Bourbon Street Fest: A grande festa da música de New Orleans está chegando a Niterói

 

Com 25 anos de história, o Bourbon Street Music Club traz para Niterói a primeira edição do Bourbon Street Fest Niterói, nos dias 30 e 31 de agosto (6af e sábado) e 1 de setembro (domingo), na Praça do Rádio Amador, em São Francisco. O evento, que tem apoio da New Orleans & Company (https://www.neworleans.com/) e entrada franca, promete agitar a cidade com shows nacionais e internacionais, como os artistas de New Orleans, berço do jazz mundial, a banda Bonerama Plays Zeppelin e o acordeonista Dwayne Dopsie & The Zydeco Hellraisers.

O palco montado à beira mar recebe bandas nacionais, como a Blues Etílicos e estrelas do cenário blues & jazz da cidade, como o músico Paulinho Guitarra e a cantora Taryn Szpilman. O final de semana promete muita música boa, acompanhada de praça de alimentação e cervejas artesanais. Ninguém pode ficar de fora. Vem para o Bourbon Street Fest Niterói!

A banda Bonerama Plays Zeppelin promete matar a saudade dos fãs da lendária banda Led Zeppelin com arranjos totalmente especiais para clássicos como Black Dog e In my time of dying, entre outras canções. O repertório faz parte do último trabalho do sexteto “Bonerama plays Led Zeppelin”.

O cantor e acordeonista Dwaine Dopsie, por sua vez, trará ao palco o zydeco, um estilo musical folk americano, criado no início do século XX, que mistura blues, rhythm and blues e música local dos povos crioulos e nativos da Louisiana. Uma das características do gênero é a presença constante do som do acordeão.

Entre as atrações nacionais destaque também para o consagrado Blues Etílicos, que fechará o festival às 21h30 do domingo. O quinteto, formado em na metade dos anos 80 pelo gaitista Flávio Guimarães, o baixista Cláudio Bedran e o guitarrista Otávio Rocha, lançou seu primeiro disco em 1987, dando início a uma sólida carreira que arrebatou fãs em todo o país e no exterior.

O Bourbon Street festival também contará com a apresentação de artistas como Paulinho Guitarra, Taryn Spilman, Soul Shine Band, Guilherme Shawb e o ex-Kid Abelha George Israel, Blood Mary e DJ Campana.

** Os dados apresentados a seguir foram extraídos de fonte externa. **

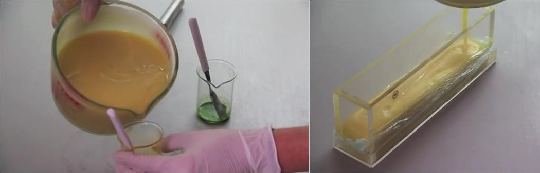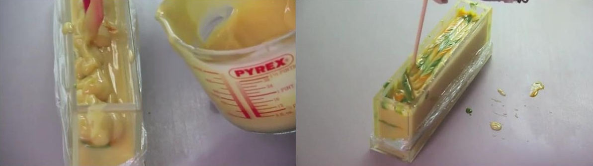 una vez mezclada la sosa con los aceites separamos dos pequeñas porciones de la mezcla y le añadimos dos colorantes distintos. A continuación vertemos la mitad de la preparación original en el molde.

“É um grande prazer trazer a Niterói a vibração, a qualidade  e a diversidade da música de New Orleans…! Estamos muito felizes com esta primeira parceria com a Prefeitura.”, afirma Edgard Radesca, idealizador do Festival, que acontece simultâneo com a 16a edição na cidade de São Paulo (www.bourbonstreetfest.com.br). “São músicos extraordinários que têm sua formação na cidade que é o berço do Jazz, do Blues e da música negra americana…!”, completa.

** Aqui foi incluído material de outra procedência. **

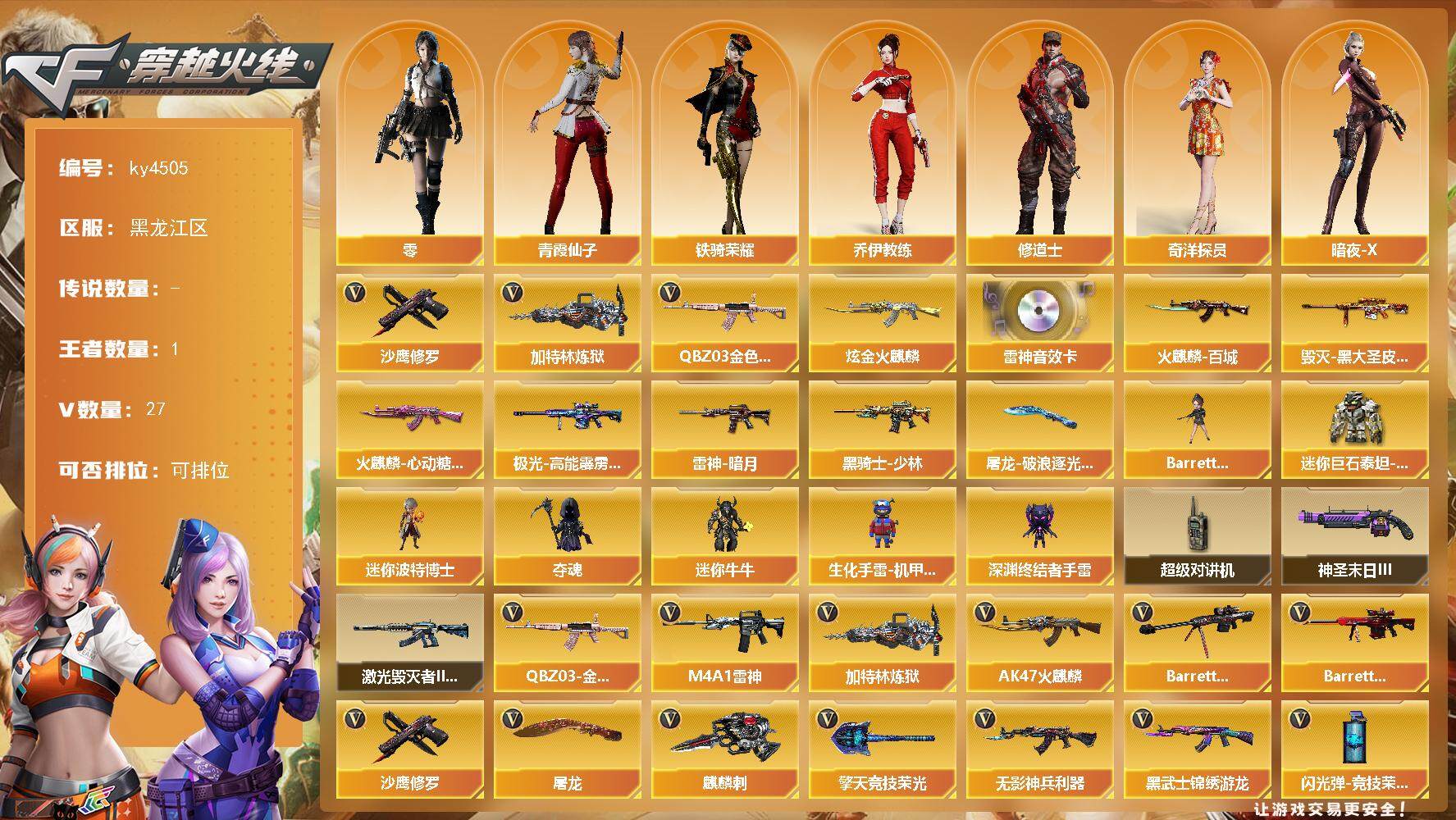 [15248796]黑龙江区-27V-1王者-1炫金 【热门武器】:QBZ03-金色蔷薇,加特林-炼狱,沙鹰-修罗 【王者炫金武器】:炫金火麒麟 【音效卡】:M4A1-雷神音效卡 【皮肤】:雷神-暗月,火麒麟-百城,火麒麟-心动糖果,毁灭-黑大圣皮肤,黑骑士-少林,极光-高能霹雳 皮肤,屠龙-破浪逐光 皮肤 【角色】:零,奇洋探员,乔伊教练,修道士,暗夜-X,北极狐-X,电竞少女,飞虎队-X,风暴女*2,嘉年华灵狐,娟娟,猎狐者-追月,灵狐者-X,麻雀,曼陀罗-X,潘多拉-X,潘多拉-甜心教官,潜龙队-X,青霞仙子,蛇姬,斯沃特-X,铁骑荣耀,兔囡囡,维纳斯,新娜塔莎,夜玫瑰-宠粉,樱-战斗天使,影武者-X,游珑儿 【人偶武器】:迷你波特博士,夺魂,迷你牛牛,生化手雷-机甲核心,深渊终结者手雷*3,Barrett-夜玫瑰,迷你巨石泰坦-魔花研究所 【暴走生化】:超级对讲机 【挑战大师】:激光毁灭者III-白马银枪,神圣爆裂者-末日III 【英雄级武器】:AK47-火麒麟,M4A1-雷神,无影-神兵利器,黑武士-锦绣游龙,超新星-热带奇洋,QBZ03-金色蔷薇,Barrett-毁灭,Barrett-极光,加特林-炼狱,沙鹰-修罗,COP 357-雷霆王者-觉醒版,屠龙,麒麟刺*2,擎天-竞技荣光,龙啸-热带奇洋,高爆手雷-竞技荣光,高爆手雷-云龙*2,手雷-热带奇洋,闪光弹-竞技荣光,闪光弹-云龙*2,烟雾弹-竞技荣光*3,烟雾弹-云龙*3,M4A1-赤狱骑士 【道具】:云山科技背包,亚洲杯纪念炫彩背包,全能枪王背包,冰冰企鹅背包,古蛇迷踪炫彩背包,奇洋探员-海龟背包,沙漠龙背包-猛男专属,炫彩背包,热带奇洋炫彩背包,背包-洛丽塔,裂空之翼背包-金色,超级背包,黄金曼提柯尔的背包,黄金超能特工背包,哔哩哔哩名片,救世主-黑桃战神,绿色巨人,灵魂忍者*2,变异宝贝,迷雾幽灵*2,生化弹匣,夺命之镰,防化服*5,金色流光-枪王排位*2,星辰流光-枪王排位,枪王排位28赛季金色流光,枪王排位29赛季金色流光,热带奇洋表情,斯沃特表情,C4-红龙,防弹头盔*5,防弹衣*5,C4工具钳*5,手雷包*5 【特殊枪械】:1炼狱

Para o coordenador da Coordenadoria de Gestão de Eventos de Niterói, André Felipe Gagliano, o Bourbon Street Fest Niterói reforça a vocação musical da cidade, além de aumentar a visibilidade de artistas e do próprio município:

“A Prefeitura de Niterói tem se notabilizado pelo apoio aos artistas de todos os estilos e gêneros e por levar à população, sempre de forma gratuita, excelentes shows e apresentações, inclusive internacionais, reforçando um compromisso da administração em promover a cultura em suas mais diversas manifestações artísticas. O Bourbon Street Fest é mais uma delas e temos certeza que será, assim como os demais eventos, um grande sucesso. Nosso objetivo é incluir esse festival no calendário oficial da cidade.”

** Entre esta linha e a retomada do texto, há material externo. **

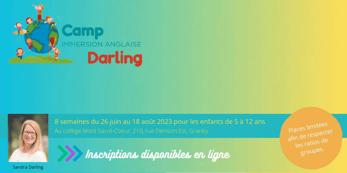 Depuis 2005, Sandra Darling et son équipe offrent aux enfants un endroit sécuritaire, une ambiance familiale et un encadrement éducationnel afin de favoriser l’apprentissage de l’anglais. Vos enfants sont uniques et ils seront traités ainsi tout au long de leur séjour au camp. L’entraide est encouragée entre les enfants, le respect et la participation active aussi. Vos enfants repartiront avec un sentiment d’accomplissement, de confiance en soi et de fierté d’avoir persévéré.
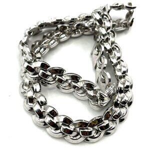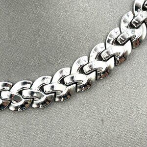 Vintage TRIFARI Pat Pend Ribbon Weave Link Silvertone Collar Necklace 15"

A entrada é franca e haverá ainda praça de alimentação com food trucks e venda de cervejas artesanais. O Bourbon Street Festival Niterói acontece nos dias 30, 31 de agosto e 1º de setembro. Na sexta-feira, a programação se inicia às 18h e no sábado e domingo os shows começam às 16h.

 

* PROGRAMAÇÃO *

Palco: Praça do Rádio Amador, São Francisco

30/08 Sexta-feira

  • 18h – DJ Campana
  • 19h – Blood Mary
  • 21h – Dwayne Dopsi and The Zydeco Hellraisers

31/08 Sábado

  • 16h – DJ Campana
  • 17h30 – Paulinho Guitarra
  • 19h30 – Taryn
  • 21h30 – Bonerama Plays Zeppelin

01/09 Domingo

  • 16h – DJ Campanha
  • 17h30 – Guilhermwe Schwab e Geroge Israel
  • 19h30 – Soulshine Jam Band
  • 21h30 – Blues Etílicos

 

Saiba mais sobre as atrações:

BLOOD MARY

 

Bloody Mary é clássico, é retrô, é plural e singular.

Bloody Mary tem energia, vibração, é contagiante.

Bloody Mary é a banda que faz você viajar, passear no passado de olho no futuro. Vem com a gente nessa festa, vem dançar, cantar, se joga nessa diversão.

Criada em 2012, em Niterói, RJ, Bloody Mary é uma das principais bandas do cenário rock’n’roll retrô brasileiro, transitando com muita naturalidade em todos os estilos musicais, sem perder a essência e a raiz. Todos os sons do mundo cabem na pegada da banda, afirma Mariana Oliveira, a própria Bloody Mary, que com sua voz poderosa e vibrante, transborda emoção e alegria, colorindo o palco com seu sorriso e seu estilo. Então não se surpreenda, se escutar, na mesma noite, rock, blues, pop, seja em português ou inglês, tudo devidamente temperado com as misturas secretas da banda.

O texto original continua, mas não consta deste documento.